Mr. Bharara, who has endorsed Mr. Bragg, said that he had been set apart while a federal prosecutor by his concerns about police accountability and public corruption.
“He’s not jumping on the bandwagon in connection with the race for office,” Mr. Bharara said. “He’s cared about these things for a long time.”
Civil Rights and Public Safety
Mr. Bragg is one of nine candidates, eight Democrats and one Republican, running to replace Cyrus R. Vance Jr. as the chief prosecutor in Manhattan, a position that carries immense power to affect the criminal justice system in New York City.
He has said that his overall focus will be on decreasing the number of people behind bars, that he will create a new unit to investigate police misconduct, move resources toward prosecutors investigating economic crime and overhaul the sex crimes unit. He has proposed a plan that would work to stem the flow of guns into New York from out of state.
Many of Mr. Bragg’s ideas reflect the move to the left in prosecutorial elections in cities around the country in recent years — a shift that has ushered in a new breed of progressive prosecutor.
Initially the race in Manhattan seemed to follow that pattern, as the majority of the Democratic candidates promoted lenient approaches to certain low-level crimes.
But in recent months, as gun violence has continued to rise in New York City and another leading Democratic candidate, Tali Farhadian Weinstein, has stressed the importance of prosecuting crime, tension has grown between those pushing for leniency and those emphasizing public safety. (As of January, Mr. Bragg had raised more money than anyone other than Ms. Farhadian Weinstein and on Saturday, a racial justice organization, Color of Change, said it would spend $1 million promoting his candidacy.)
Mr. Bragg has found a synthesis, based on his biography, that he hopes will persuade voters.
“People care about both,” he said. “They want civil rights and public safety. Being safe is your first civil right, and we can’t have safety without community trust, which is based on civil rights.”
And so he relies on his record — even when his opponents say it is unflattering. Under pressure from Ms. Lang during last week’s debate, he called the unit that has garnered zero convictions “the most transformative, transparent unit in this space in the history of this country.”

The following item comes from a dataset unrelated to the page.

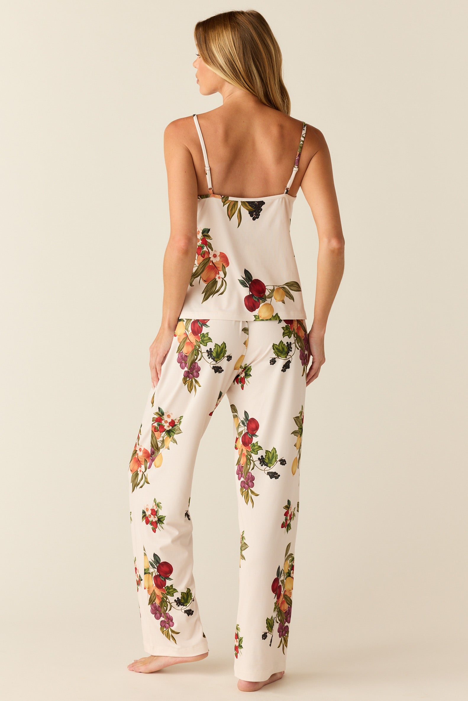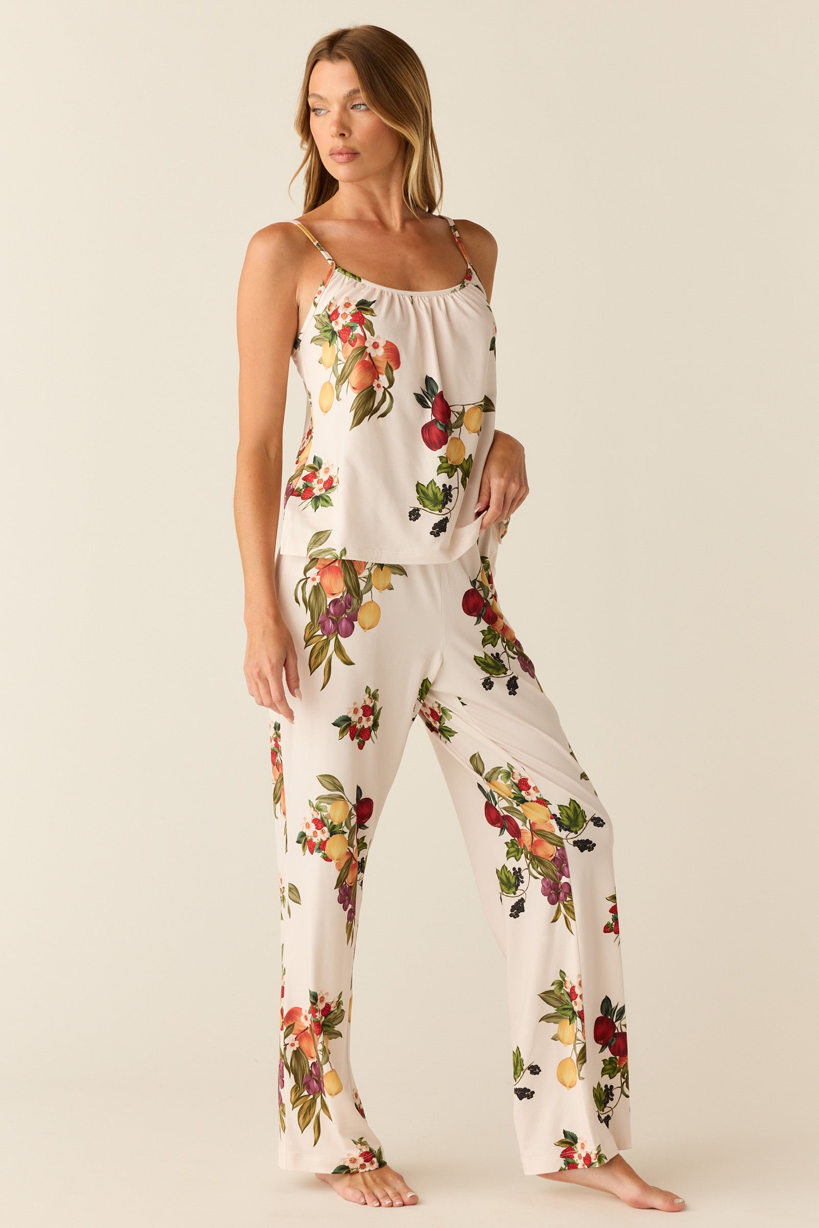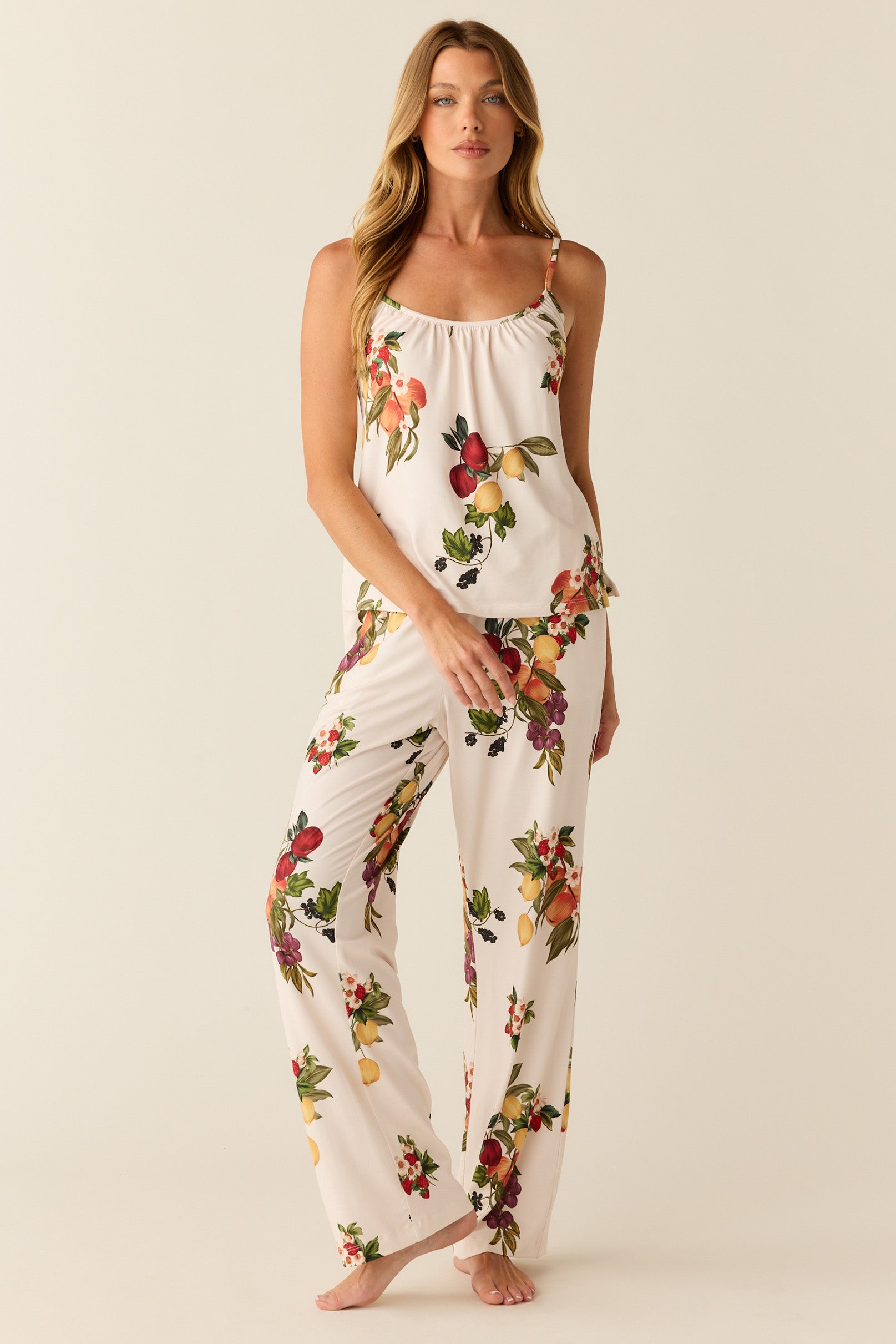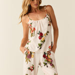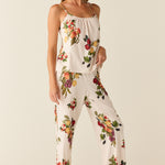Feminine and airy, the Bella offers simplicity without compromising style. It features a ruched scoop neck cami with a wide leg pant.

Mr. Bragg has argued that the way his office worked with the victims’ families marked the beginning of a productive alliance between prosecutors and protesters, both pushing for justice. The unit was created after Eric Garner’s death in police custody in 2014; Mr. Bragg has been endorsed by Mr. Garner’s mother, Gwen Carr.
Mr. Small’s brother, Victor Dempsey, said that Mr. Bragg had consulted him throughout the case against Officer Isaacs. He has endorsed Mr. Bragg’s candidacy.
“Alvin has been a tremendous part in my advocacy work and my family’s advocacy work because he kind of gave us the impetus to keep fighting,” he said.
But not all of Mr. Small’s family has backed Mr. Bragg. Victoria Davis, his sister, has endorsed Ms. Lang, who worked as a prosecutor under Mr. Vance.
In a recent conversation, Ms. Davis said that she did not feel Mr. Bragg had done everything he could for her brother, who she said was demonized during the officer’s trial because of a tattoo.
“I think he wasn’t humanized,” she said of her brother.
Mr. Bragg still dwells on the acquittal of Officer Isaacs. He agreed with Ms. Davis that the defense team had successfully dehumanized Mr. Small, transforming him into what Mr. Bragg called a “Black boogeyman,” a tactic that predated the modern criminal justice system.
“The part that is sad is that it works,” he said. “That racial imagery is a tie that binds throughout our history. Ultimately that’s the original sin, and we’ve got to address that.”